Methodology: Molecular methods for determining the species of a fungus based on the amplification and sequencing of the internal subscribed spacer (ITS) region of the fungal rRNA operon using molecular markers was applied. Soil sample was collected from a dumpsite in the University of Port Harcourt, Rivers State, Nigeria. Isolation of fungi associated with the dumpsite soil was carried out using spread plate method. Fungal genomic DNA was extracted using Quick-DNA Fungal/Bacterial Miniprep kit. The ITS1-2 gene of the isolates was amplified by Polymerase Chain Reaction (PCR) using the primer pair; ITS4 and ITS5.

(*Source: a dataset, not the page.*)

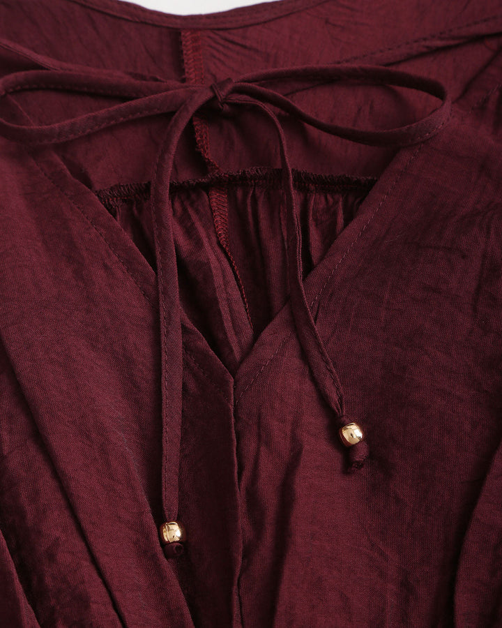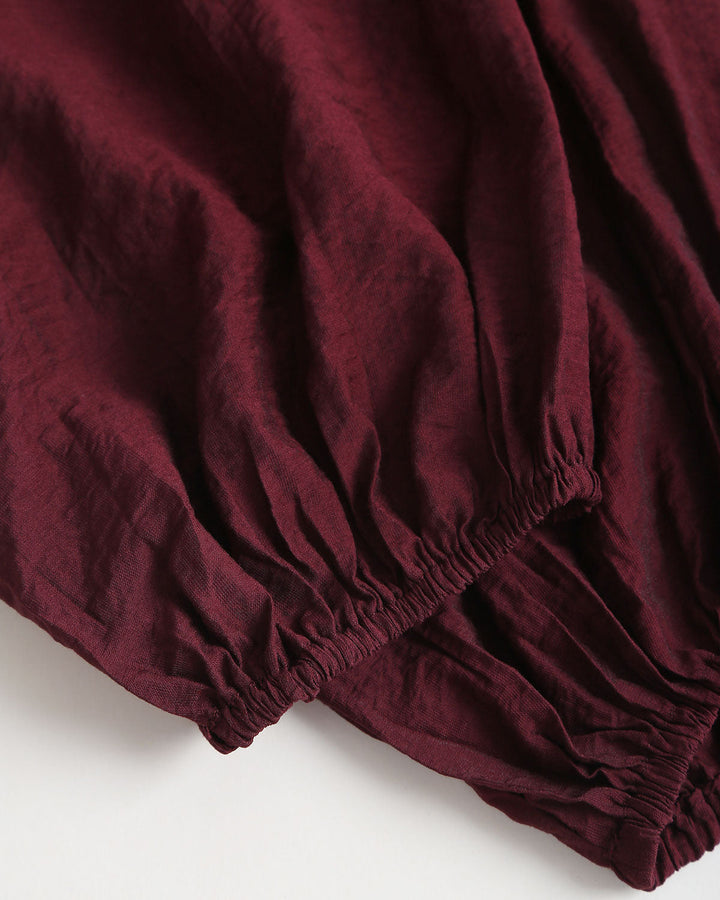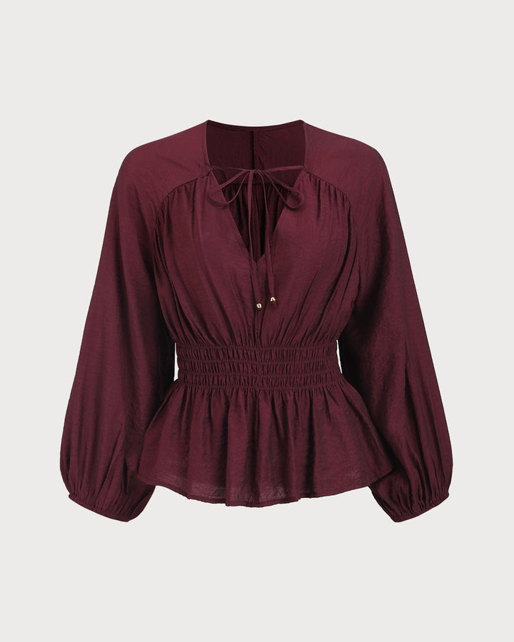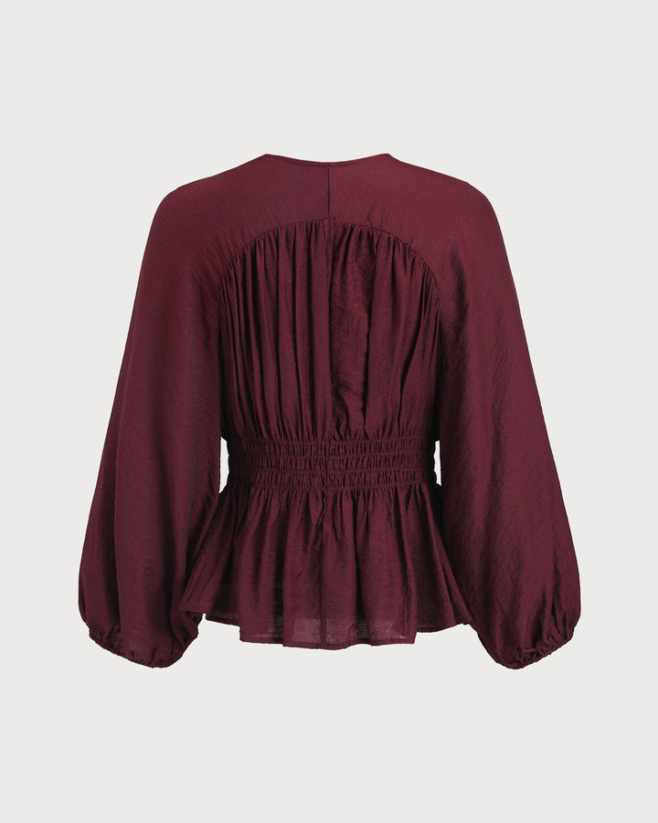 Şarap Kırmızısı V Yakalı Büzgülü Bluz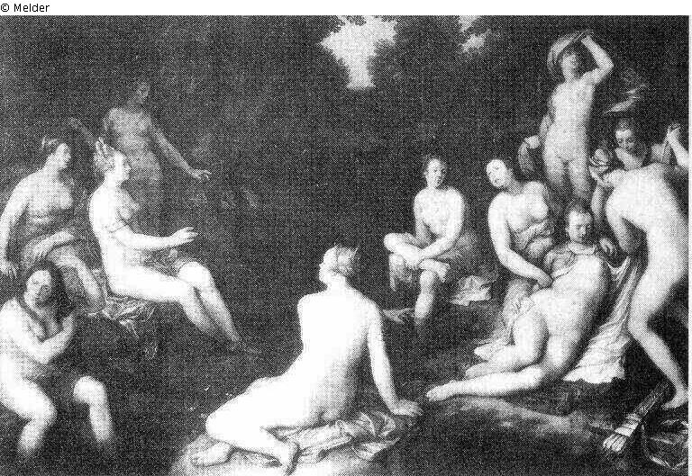 To the left on the wooded shore of a stream are Diana and three nymphs. To the right surrounded by six nymphs is Callisto, being undressed by two nymphs.

Results: The sequences of the amplified ITS region were blasted against known sequences on the National Centre for Biotechnology Information (NCBI) database. Nucleotide sequence analysis revealed the species identity of the fungal isolates to be: Aspergillus fumigatus, Trichoderma harzianum, Aspergillus felis, Aspergillus templicola, Aspergillus flavipes, Aspergillus fumigatus and Cunninghamella binariae. Phylogenetic analysis was carried out to ascertain the relationship between the isolates and other closely-related isolates on GenBank. Isolates 2 (Trichoderma harzianum) and 7 (Cunninghamella binariae), 3 (Aspergillus felis) and 6 (Aspergillus fumigatus), and 4 (Aspergillus templicola) and 5 (Aspergillus flavipes) were found to be more closely related to each other.
Conclusion: The molecular techniques employed successfully identified the organisms to the species level as these techniques are based on the genetic constitution of organisms. The result obtained from this study will complement the information on the fungal organisms associated with dumpsite soil.